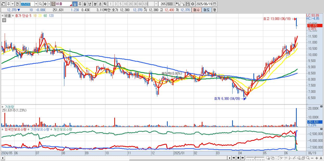 - 비올 (12,380원 ▲ 10.54% , 시총: 7,232억, 거래량: 10,276,628, 거래대금:1,271억, KOSDAQ)
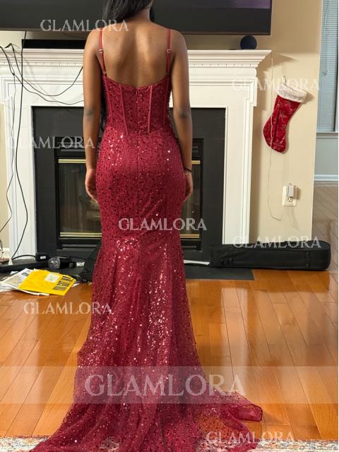 Sheath/Column Spaghetti Straps Sleeveless Sweep Train Twinkling Sequins Corset Dress With Slit CA$190.40 (6)
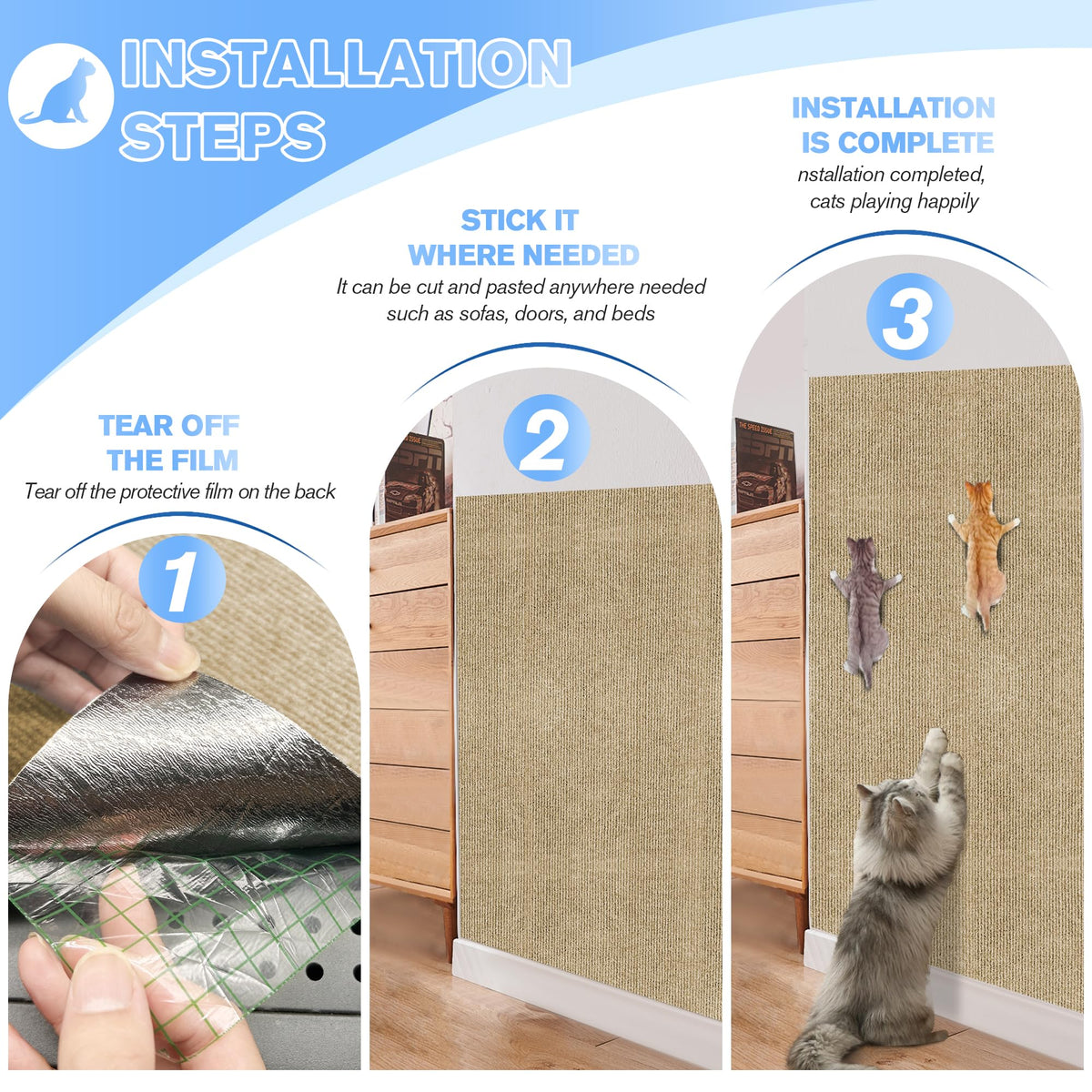Cat Scratch Protector 2Pack,39.3''X15.7'' Cat Scratch Mat Self-Adhesive Carpet Mat Trimmable,Cat Wall Shelves Diy Cat Pad Furnit

WHAT THE TASK REQUIRES - Return the listing above in full and without alteration, excluding its pictures.

YOUR SOLUTION -
 - 비올 (12,380원 ▲ 10.54% , 시총: 7,232억, 거래량: 10,276,628, 거래대금:1,271억, KOSDAQ)
 Sheath/Column Spaghetti Straps Sleeveless Sweep Train Twinkling Sequins Corset Dress With Slit CA$190.40 (6)
Cat Scratch Protector 2Pack,39.3''X15.7'' Cat Scratch Mat Self-Adhesive Carpet Mat Trimmable,Cat Wall Shelves Diy Cat Pad Furnit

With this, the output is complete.